On Thursday gold looked weaker although it pushed to $1825.00 on news that May’s CPE (Personal Consumption Expenditures) showed an annualized 6.3% inflation rate. But traders sold the rally and gold made new weekly lows. The theory here is that monthly inflation numbers are looking “steady” which might cause FOMC alarm considering the latest ECB commentary. Reuters – “Bringing down high inflation will be painful and could even crash growth, but it must be done quickly to prevent rapid price growth from becoming entrenched, the world’s top central bank chiefs said at the European Central Bank’s annual conference in Portugal.”

So, you again see here the typical push/pull confusion when hawkish interest rate concerns meet real physical demand created by fear of recession and the escalation of the Ukrainian war. Of course, this story line is not new and comes in many variations, but I would expect the same outcome. Defensive trading ranges for gold with a negative bias depending on how much more aggressive the Fed becomes between now and the middle of next year. They have already raised interest rates 3 times this year, the largest hike being 0.75 of a percentage point in June. As they try to slow the fastest rise in inflation, we have seen in 40 years. So, they have been aggressive, but the jury is still out as to whether these hawkish moves will be enough to at least slow the process and give the Fed some breathing room while international tensions continue to mount.

On the day gold closed down $9.60 at $1804.10 and silver closed down $0.39 at $20.28.

On Friday gold was typically divided – short sellers pushed the market lower on the open testing support, but traders bought the dip. I would not place too much faith in the $1785.00 bounce, it could simply be a short coving rally as paper traders square up accounts for a long weekend. The news that India has raised import duties on gold should also be taken with a grain of salt. Their precious metal demand usually spikes towards the end of the year (weddings and festivals). I expect a continued lethargic trade in the metals as recession fear grows both here and in Europe.

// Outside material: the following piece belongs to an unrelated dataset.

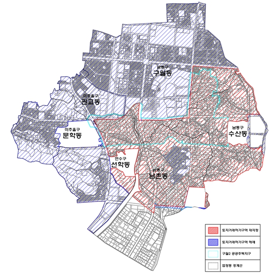 인천광역시는 오는 9월 20일 지정기간 만료에 따라 미추홀구 관교․문학동 전부, 연수구 선학동, 남동구 구월․남촌․수산동 등 주거 및 상업지역 8.48㎢를 7월 26일 자로 일부 해제한다고 밝혔다.

On the day gold closed down $5.20 at $1798.90 and silver closed down $0.68 at $1960.00.

Platinum closed down $23.00 at $875.40 and palladium closed up $22.10 at $1930.80.

Zaner (Chicago) – “Not surprisingly August gold has failed at the $1800 level and reached the lowest level since January 22nd. In retrospect, gold and silver were fortunate to have avoided the breakdown earlier this week. Even investors have turned negative toward gold and silver with both gold and silver ETF’s declining yesterday. As if the market needed more bearish news, India announced they would increase gold import taxes! About the most positive argument for gold and silver is that they are approaching a mostly liquidated spec and fund positioning. So far, surging economic uncertainty has seemingly resulted in physical selling instead of flight to quality buying. However, overall action in the US dollar continues to prompt partial long liquidation of a recent net spec and fund long position in gold of 199,195 contracts! While the net spec and fund long adjusted into the lows this week likely puts the net spec and fund long at the lowest level since June 2019, there does not appear to be a definitive bullish theme to shut off selling. The gold trade is so tone deaf to potential bullish issues a significant problem supplying electricity to South African consumers (including mining operations) has not surfaced in the gold trade news flow. Perhaps the trade has assumed South African gold production is no longer a key supply source, or perhaps the trade does not think electricity shortages will be of sustained duration. Going forward, a massive monthly and quarterly beating in gold and silver prices will likely discourage investment in the beginning of the 3rd quarter. In fact, with fear of large US interest rate hikes becoming a daily topic, markets like precious metals think the US Fed will ultimately get a grip on inflation even if the penalty is recession. The path of least resistance is down in gold and silver, but the risk and reward of fresh shorts at current levels and at current timing is unattractive.”